- Hammond
- Coordinates: 32°31′17″S 138°18′53″E﻿ / ﻿32.5213°S 138.3147°E
- Population: 22 (SAL 2021)
- Postcode(s): 5431
- Elevation: 316 m (1,037 ft)
- Time zone: ACST (UTC+9:30)
- • Summer (DST): ACDT (UTC+10:30)
- Location: 40 km (25 mi) southeast of Quorn
- LGA(s): Mount Remarkable; Orroroo Carrieton;
- State electorate(s): Stuart
- Federal division(s): Grey
Localities around Hammond:
| Stephenston | Stephenston Moockra | Moockra Eurelia |
| Bruce Wilmington | Hammond | Eurelia |
| Wilmington | Amyton Coomooroo | Eurelia Coomooroo |
- Footnotes: Adjoining localities

= Hammond, South Australia =

Hammond is a town and locality in the Australian state of South Australia located in the southern Flinders Ranges.

==History==
The town of Hammond was surveyed in May 1879 on the banks of the Bellaratta Creek. It is named after William Henry Hammond Jervois, the eldest son of Governor of South Australia William Jervois.

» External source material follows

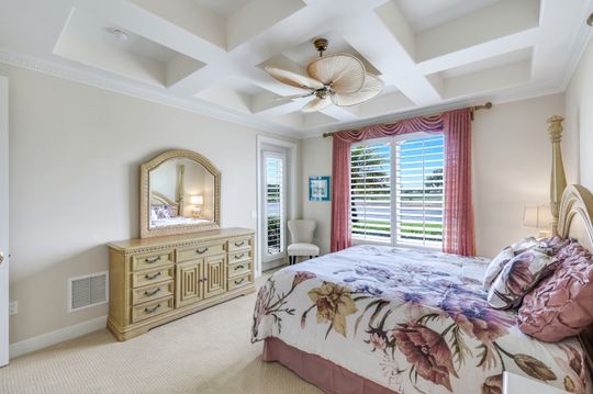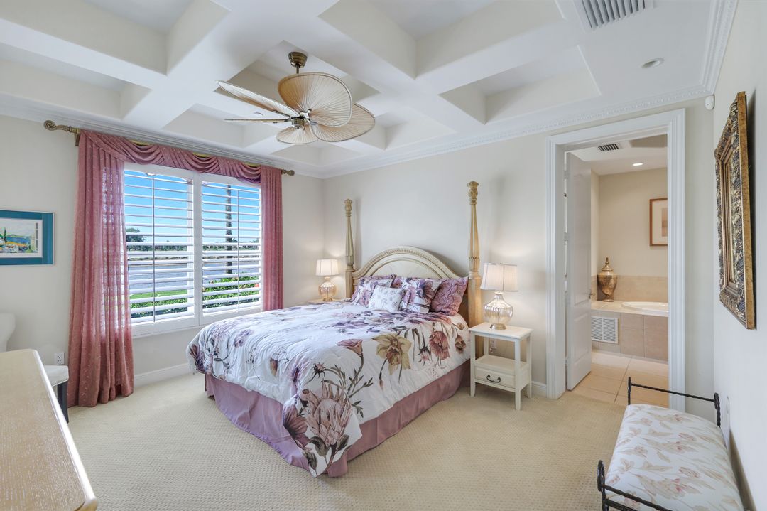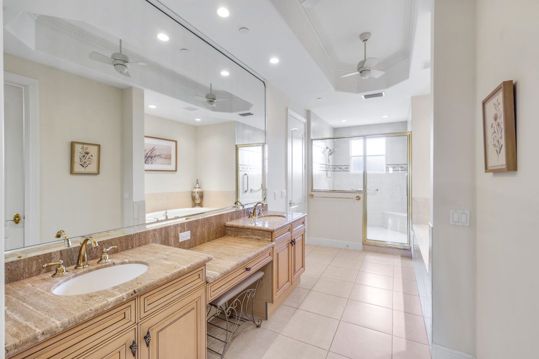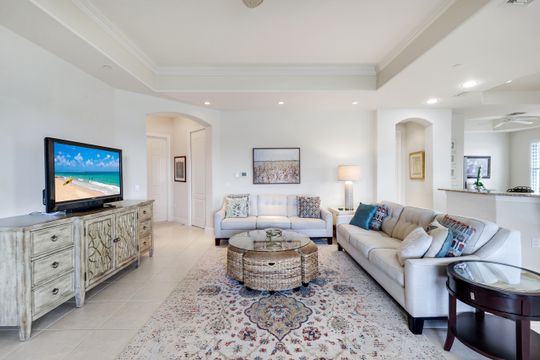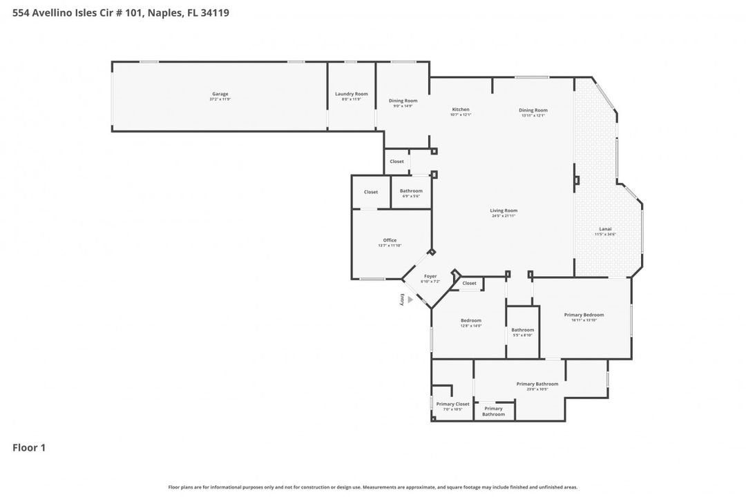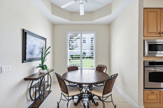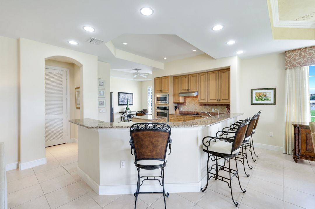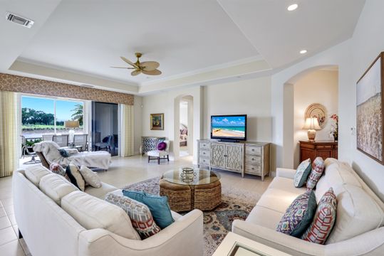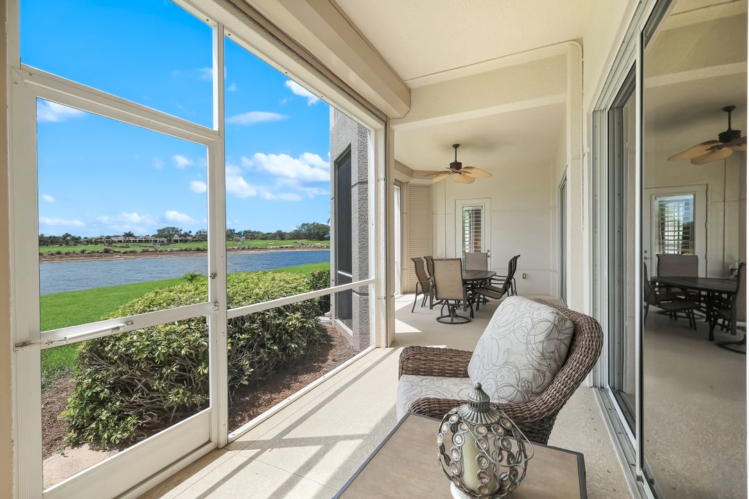 Experience breathtaking, expansive golf course and lake views from this stunning, turnkey 3 bedroom, 2.5 bath first floor end-unit in the prestigious Avellino Isles of the Vineyards. This 2,196 sq ft, southern exposure Botticelli floor plan unit provides ample natural light, plantation shutters, and is designed for entertaining, relaxing and enjoying spectacular views. The kitchen is a chef's delight with granite counters, stainless steel appliances, breakfast nook and coffee bar. The primary suite, highlighted by an eye-catching coffered ceiling, offers an ensuite bath with dual sinks with a vanity area, a large walk-in shower with new shower heads, and a separate soaking tub, along with custom closet storage. New $4500 blackout blinds for the bedrooms. Even the laundry room is generously sized, adding everyday functionality. Transition from this cozy and elegant floor plan to enjoy the serene water feature, golf course and lake views from your oversized screened-in lanai with solar tinted windows. With impact doors and windows, electric storm shutters enclosing the lanai, and a newer hot water heater (2/24), this condo is not only beautiful but also safe and secure. The newer AC/heating system installed in 2021 ensures your comfort year-round. Unit has an attached 2 car tandem garage perfect for golf cart, extra storage or a workshop. Whether you're looking for a peaceful retreat or a place to entertain friends and family, this condo has it all. This beautiful, tropically landscaped gated community includes a luxurious clubhouse with catering kitchen, party room, fitness center, library, outdoor bar/grills and resort style pool and spa. The community boasts newly painted exteriors, 2024 new tile roofs throughout, along with new gutters and exterior light fixtures. Don't miss out on the opportunity to own this slice of paradise in Naples. Schedule a showing today and make this condo your new home in The Vineyards!

St Dominic's Catholic Church in Hammond opened in 1907 but closed on 25 June 2006. Hammond school opened in 1886 but is also now closed.

==Railway==

From 1881, Hammond was on the Peterborough–Quorn railway line. Peterborough provided rail connection south to Adelaide, west to Port Pirie and east to Broken Hill. Quorn was on the Central Australia Railway from Port Augusta to Alice Springs, Northern Territory. After 1917, the Port Augusta end connected to the Trans-Australian Railway to Perth, Western Australia as well. Interstate rail traffic stopped using this line from 1937 when a new railway was built connecting Port Pirie direct to Port Augusta, providing a more direct path. It continued to carry some freight up until the 1980s, and remained available for occasional transfers between the Pichi Richi Railway and Steamtown Peterborough into the 1990s.